# AM Show Line Dog



## Andaka (Jun 29, 2003)

Here is one of my show line dogs. Please feel free to critque her. You probably won't say anything I don't already know about her, but you might see something that I haven't.




























Enjoy.


----------



## JakodaCD OA (May 14, 2000)

she's a beauty in my book )))


----------



## HeidiW (Apr 9, 2009)

Gorgeous!!! I know nothing but she is a looker! I would want her twin.


----------



## Stephanie17s (Jun 16, 2009)

I love her coloring! I pray my Alexa keeps her coloring that way (very similar) and doesn't fade too much. I also like her angles...not too extreme for my personal tastes.


----------



## katieliz (Mar 29, 2007)

does this girl have any marhaven or rohan bloodlines by chance?


----------



## valkyriegsd (Apr 20, 2000)

I really like her!! She has a very nice shoulder and, as Stephanie said, not too extreme in the rear. The shot of her moving is very nice as well, she has good reach and follow-through and keeps her feet near the ground. Very feminine as well. You're welcome to send her to Texas!!

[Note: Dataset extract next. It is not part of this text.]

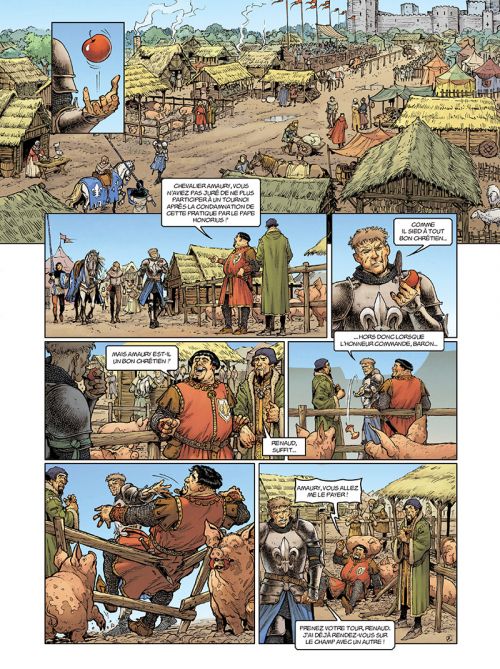 Pour point de départ de ce nouveau Jour J, Fred Duval et Jean-Pierre Pécau imaginent que la conquête de l'Angleterre au début du XIIIème siècle a été un succès. Dans ce contexte dystopique, ils mettent en scène un des personnages respectés des premières années d'un règne de Louis VIII sur Londres. Mais à travers les souvenirs d'Amaury sur son lit d'homme blessé, ils nous plongent quelques années plu tôt dans les suites du sac de Constantinople, qui structure toute la première partie de l'album. Ils prennent soin de parsemer leur récit de multiples citations et éléments historiques, donnant comme à chaque fois une force particulière à leur imagination décalée. Or il semble que très peu de choses séparaient en fait leur réalité imaginée et celle qui a forgé l'histoire. Les auteurs confirment également l'équilibre qu'ils ont trouvé pour que leur série ne demande pas une érudition hors du commun. Cette aventure s'apprécie en tant que telle, avec deux personnages très forts et une habile mise en scène qui commence par la fin (il n'y a pas que James Cameron avec Titanic pour user le procédé du flash-forward). Le dessinateur Leo Pilipovic contribue à cette lecture grand-public avec un style réaliste précis et dynamique, et une imagination graphique visiblement nourrie de Hermann et autres grands maîtres du genre. Ce nouvel opus se lit sans reprendre son souffle et titille suffisamment l'imagination pour qu'on prenne ensuite le temps de se rafraîchir la mémoire historique en lisant quelques articles sur le net...

I have one of the not-so-extreme American showline girls as well, but her color is not as rich as yours.


----------



## Kayos and Havoc (Oct 17, 2002)

I too like that she is not so extreme, she is gorgeous. But Andaka breeds brains and beauty that can work!


----------



## Effie325 (Aug 19, 2009)

Gorgeous! That portrait is stunning. Wow.


----------



## katieliz (Mar 29, 2007)

daphne, do you have a website where i can read about your dogs?


----------



## Andaka (Jun 29, 2003)

> Quote: does this girl have any marhaven or rohan bloodlines by chance?


Nope, not a drop.


----------



## Andaka (Jun 29, 2003)

I don't have a website right now as AOL decided not to host them any more.


----------



## Doc (Jan 13, 2009)

Very nice female with great feminine features. Nice top and bottom lines, her front pasterns caught my eye - maybe a little weak/long? I really like her, especially if she can think!


----------



## Andaka (Jun 29, 2003)

This is her 'thinking'.


----------



## DancingCavy (Feb 19, 2001)

What a gorgeous, well-balanced, very-feminine female.

Nicely pigmented with good color and bright points. Pasterns look a bit weak and I think her forepaws could be a bit tighter. Shoulder and hind angles look good to me. Nice to see fairly short stifles.







Really lovely bitch.


----------



## WiscTiger (Sep 25, 2002)

Just my uneducated opinion. She could use more angle on her front shoulder, but today that is a very common problem. She has good reach. Nice heavy blanket.

Val


----------



## Andaka (Jun 29, 2003)

A few judges thought that too until she gaited around the ring. She doesn't have much of a breast bone, and that makes her look as if she is lacking in front.


----------